Introduction
The ClickHouse data directory, typically located at /var/lib/clickhouse, is the central hub for storing various files essential to the functioning of the ClickHouse database management system. In this blog post, we will explore each file in the ClickHouse data directory, understanding its purpose and significance.

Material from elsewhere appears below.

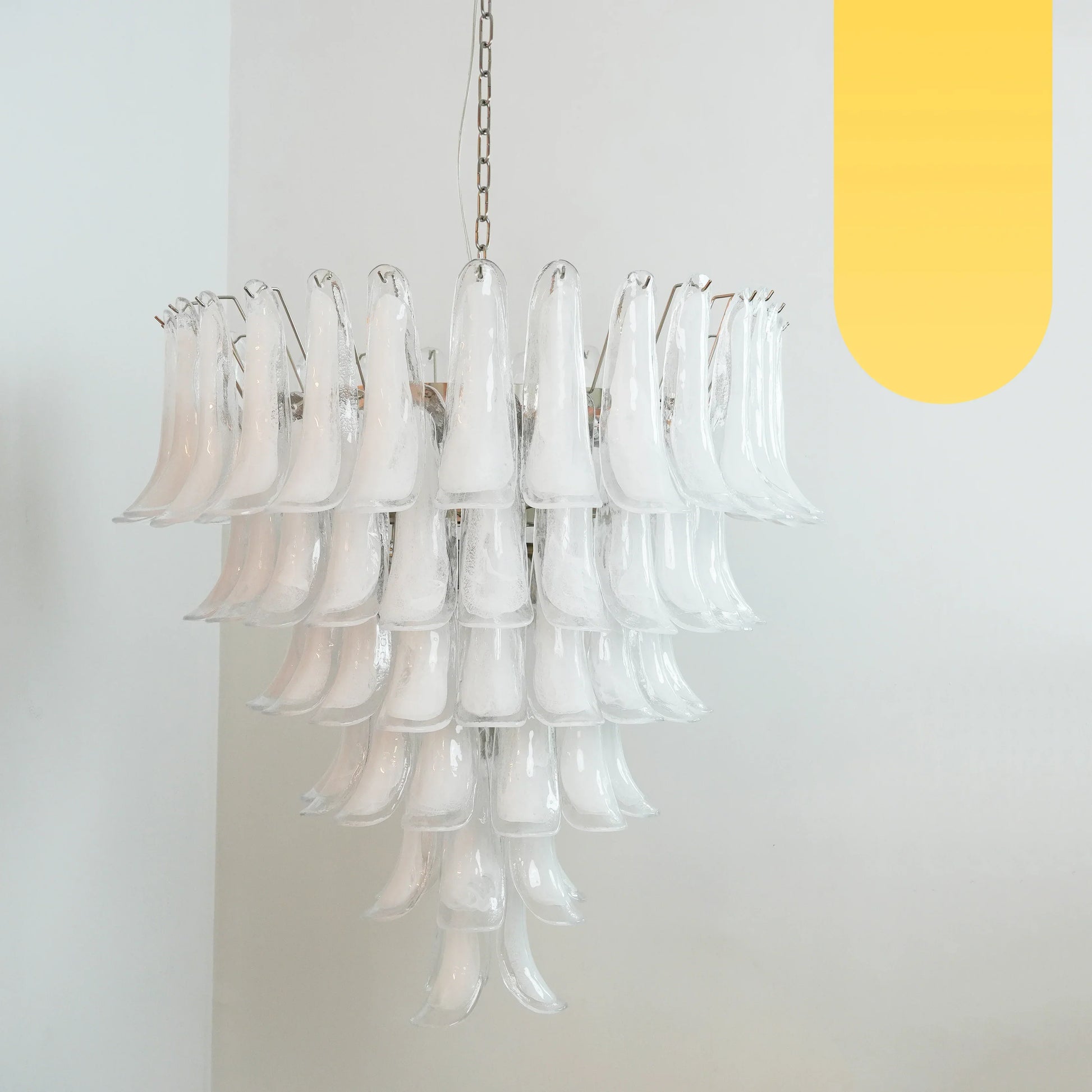 Vintage Murano Transparent Glass Petals Chandelier, Add a touch of vintage elegance to your home. Featuring beautifully crafted Transparent glass petals, this stunning chandelier creates a captivating and sophisticated centerpiece that enhances any room's decor. Provides a striking visual impact with its unique design and vibrant color.  Add a touch of elegance and charm to any space.

root@de6077477132:/var/lib/clickhouse# ls -l total 76 drwxr-x--- 2 clickhouse clickhouse 4096 Jun 1 11:09 access drwxr-x--- 2 clickhouse clickhouse 4096 Jun 1 11:09 cores drwxr-x--- 1 clickhouse clickhouse 4096 Jun 1 11:09 data drwxr-x--- 2 clickhouse clickhouse 4096 Jun 1 11:09 dictionaries_lib drwxr-x--- 2 clickhouse clickhouse 4096 Jun 1 11:09 flags drwxr-x--- 2 clickhouse clickhouse 4096 Jun 1 11:09 format_schemas drwxr-x--- 4 clickhouse clickhouse 4096 Jun 1 11:09 metadata drwxr-x--- 2 clickhouse clickhouse 4096 Jun 1 11:09 metadata_dropped drwxr-x--- 1 clickhouse clickhouse 4096 Jun 1 11:09 preprocessed_configs -rw-r----- 1 clickhouse clickhouse 56 Jun 5 16:36 status drwxr-x--- 1 clickhouse clickhouse 4096 Jun 5 16:38 store drwxr-x--- 2 clickhouse clickhouse 4096 Jun 1 11:09 tmp drwxr-x--- 2 clickhouse clickhouse 4096 Jun 1 11:09 user_defined drwxr-x--- 2 clickhouse clickhouse 4096 Jun 1 11:09 user_files drwxr-x--- 2 clickhouse clickhouse 4096 Jun 1 11:09 user_scripts -rw-r----- 1 clickhouse clickhouse 36 Jun 1 11:09 uuid
access:
The access directory stores files related to user access control and permissions in ClickHouse. It includes configuration files and access-related metadata.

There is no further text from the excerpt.